When the news reached us that SA was a new country where the so-called black, coloured and white could live harmoniously as one people, at the same level, we cried tears of joy. Finally that meant an end to oppression. That meant an end to social discrimination. It meant an end to classical discrimination. That meant that we could go to school, get good jobs, drive beautiful cars, own houses and take care of our families. Moreover it meant that my daughter who is now almost ten years old could look up to the future with more hope than I ever had. She could now dream of doing the jobs that only white people did back in our days. She could dream of one day becoming a nurse, a teacher, and accountant, lawyer or even a pilot. I had heard that many women were even becoming pilots in other countries.
However, baas Jan didn’t seem too pleased with the news.
“This country is going down now. Kaffirs are just incapable of running this fuckin’ country. Look at all the progress and development the white man has brought to Africa? Medicines, roads, electricity etc. and these morons in power are just going to bring it all down!”
Indeed he was fuming as he echoed the sentiments of former apartheid strongman P. W. Botha. And he didn’t even have a trace of shame on his face! But this time around I stood up to him. I had been told we are now living in a free country so I told him my piece of mind.
“Baas Jan, it doesn’t matter what you people brought here. You wouldn’t have gotten where you are now if the same black people you now ridicule had not been there.” I fumed, even for a moment forgetting I had resolved to stop referring to him as Baas. ”Who works on the roads? Who labours on the farms and in the industries? Is it not the same black people you treat as shit? This is now a new country and there is no place for racist people like you in our new South Africa. President Mandela spoke about reconciliation and which part of that do you not understand? And if you think black people are forever meant to be your servants and you the bosses, then wake up and smell the coffee. It is a new world and we shall not accept…”
“Hold on there you bloody fuckin monkey.” He cut in, his brow creasing and eyes narrowing fiercely. ”Do you know who you are talking to like that! You want to sow discord into my other workers ha!” he was fuming now.

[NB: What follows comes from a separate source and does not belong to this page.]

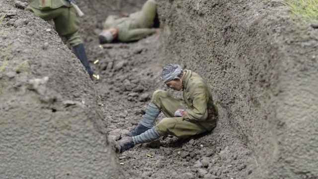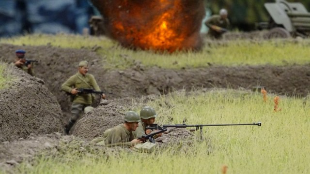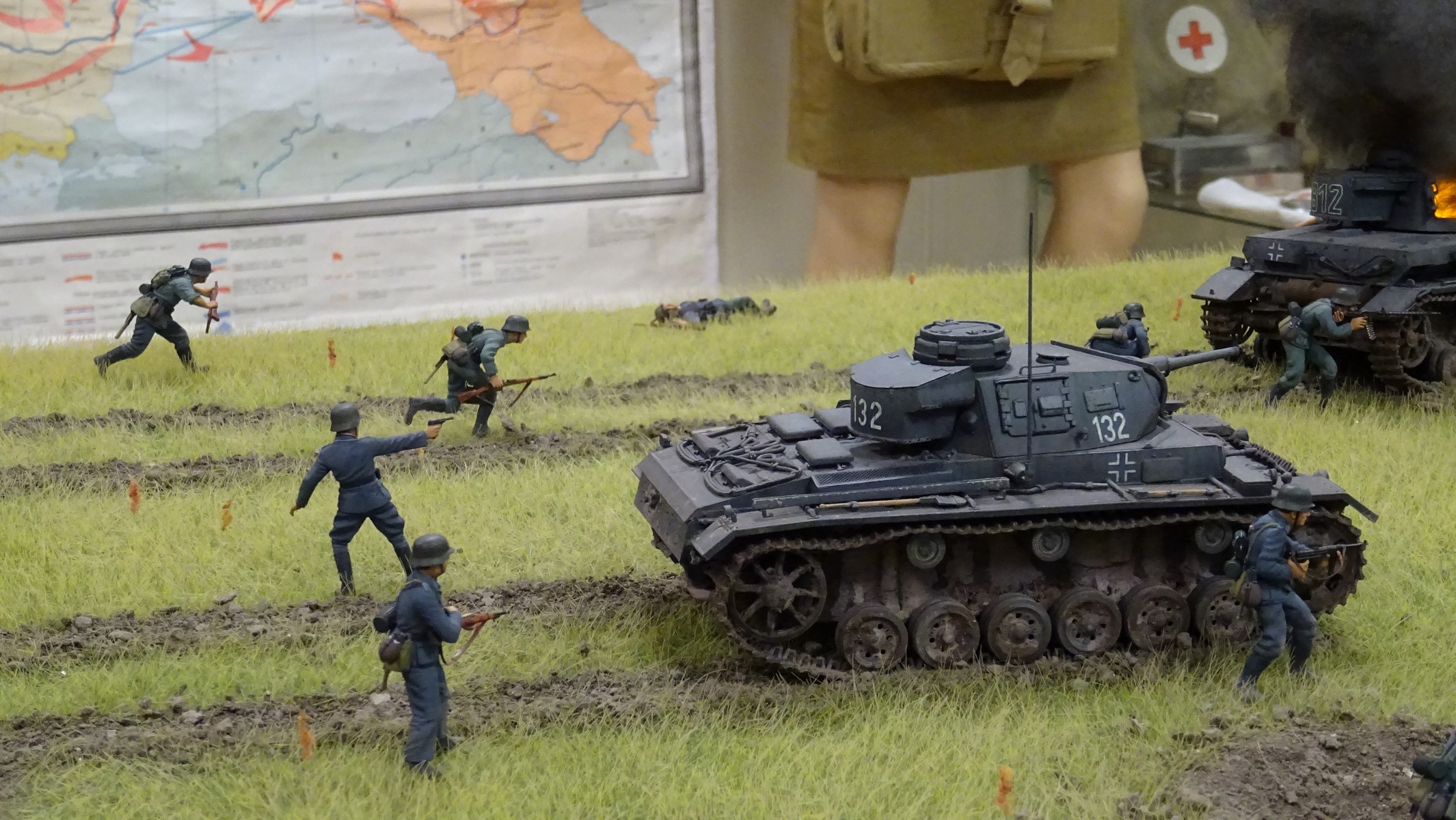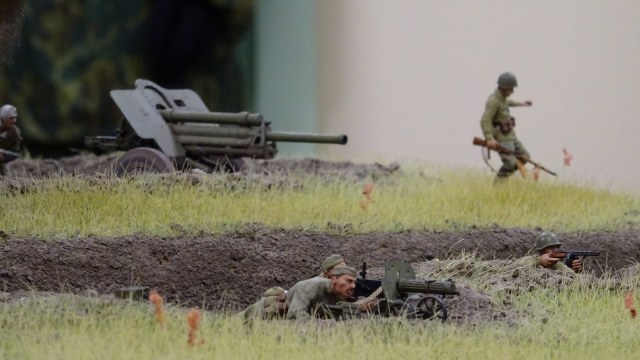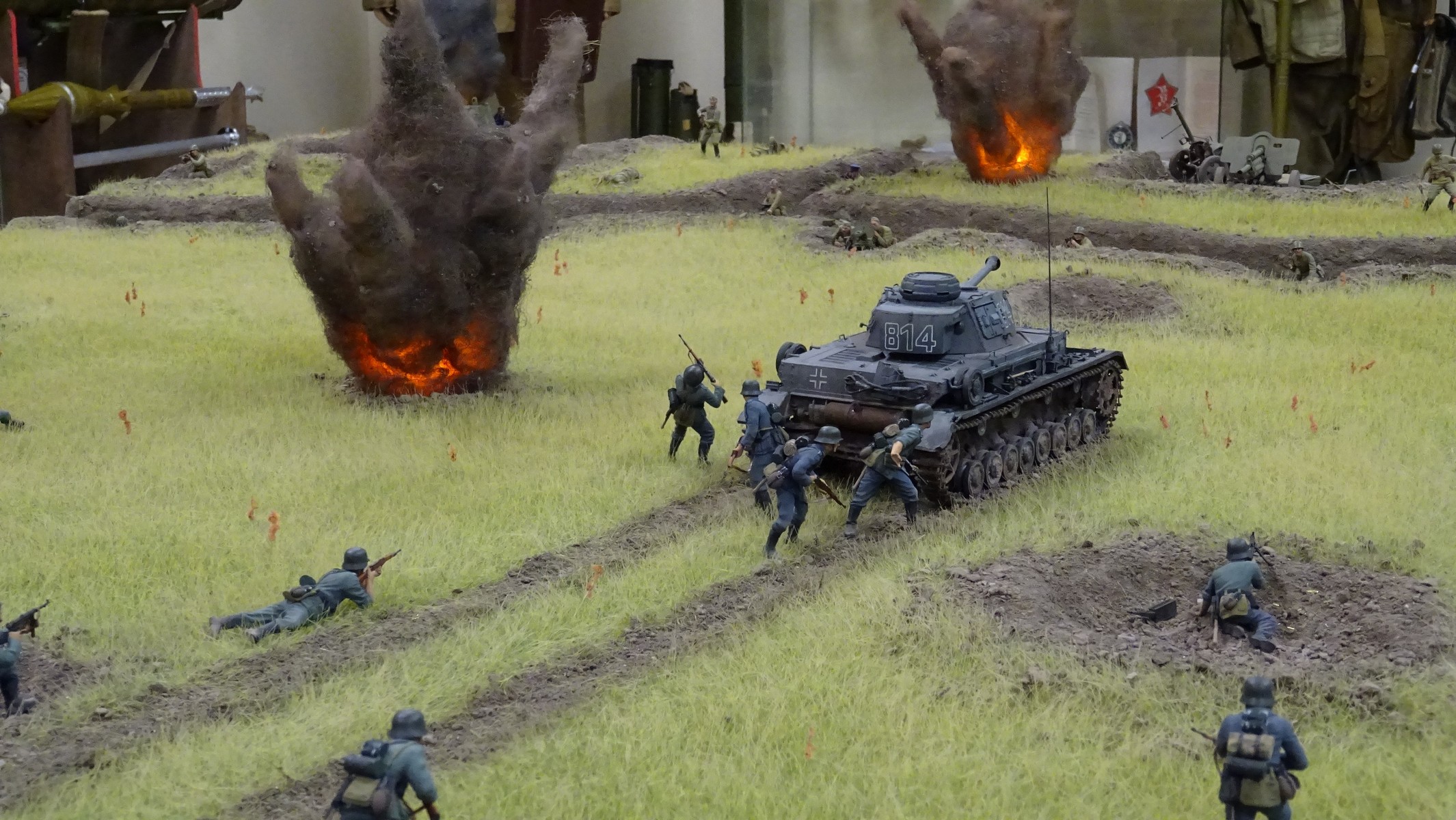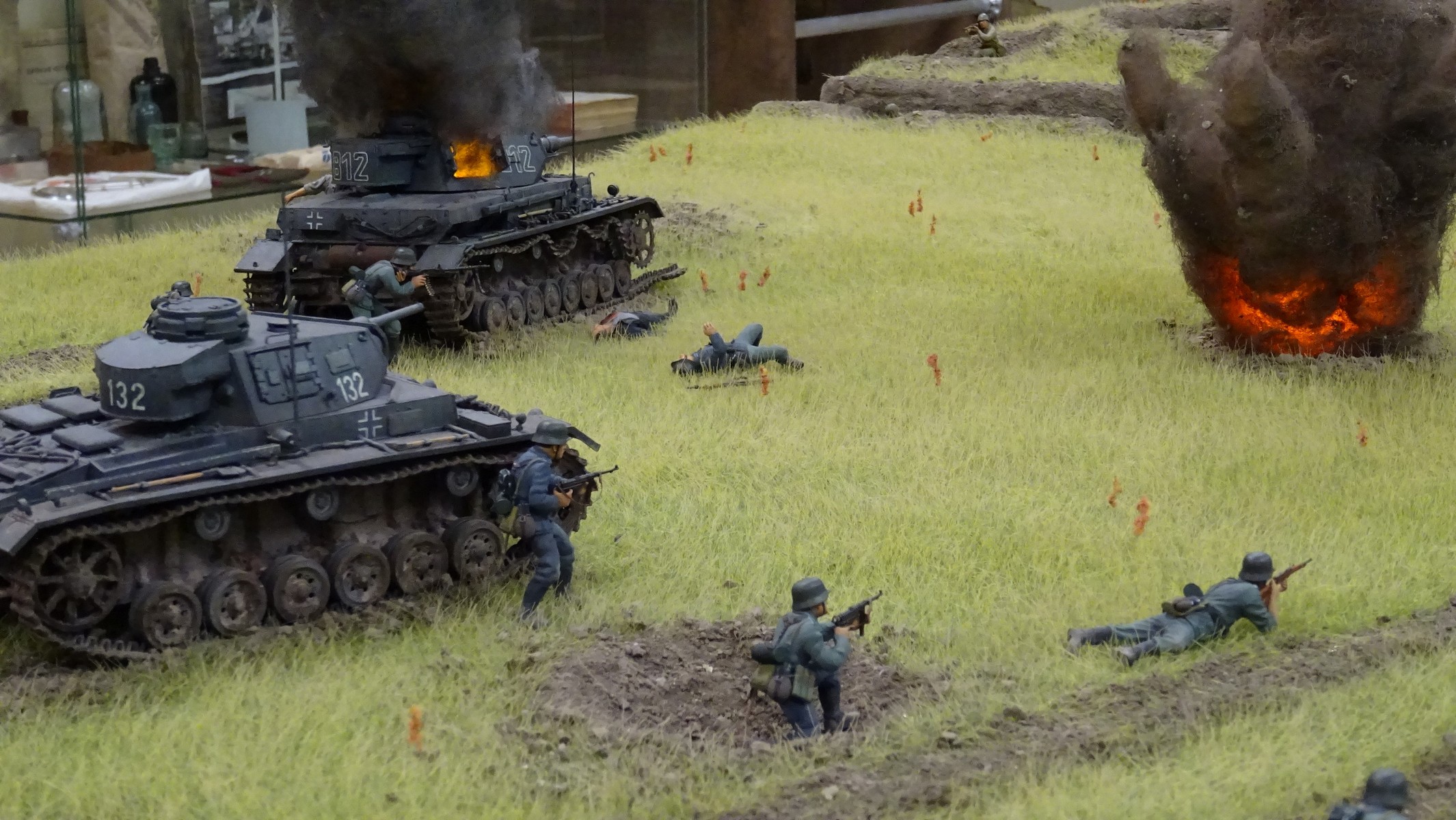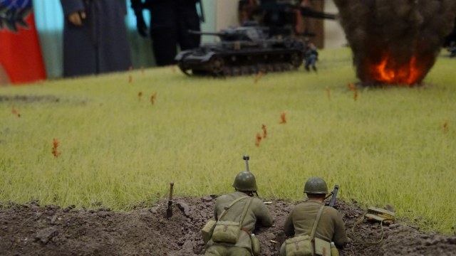 По нашему замыслу на диораме советские войска отражают атаки немецких войск и на текущий момент уже понесли тяжелые потери...

His eyes had narrowed and turned a bloodshot red. His face betrayed betrayed a mixture of anger, disbelief and even more anger. But I refused to be cowed into submission.
“That is the reality of the matter and the sooner you realize and accept it the better for you and indeed for everyone!” I said, turning to go home. I had never done this. I had never spoken up to the boss like that. I had never turned to go without being dismissed. But then everything begins somewhere. Democracy and freedom had begun in South Africa. And I had begun to exercise my right, my freedom of choice and choice of freedom.
I was feeling very triumphant indeed. At last I had told him what he needed to know. Too bad he was too hard headed to understand anything but I had done my part.
“Malan! Malan!”
“Baas!” Damn, I should stop calling him baas now. We are now all equal. That’s what the president said. Black, brown or white; we are all South Africans. So if he won’t call me Baas then I wont call him baas as well. As soon as I turned my head to look back at him he bellowed.
“You are fired!”
“Yes I am!” I quipped back, not understanding what “fired” meant at all. It was the first time I have ever hear anyone saying that and I thought he meant it as a compliment to my courage in standing up to him. My step picked up a bounce as I sauntered towards my house in the compound.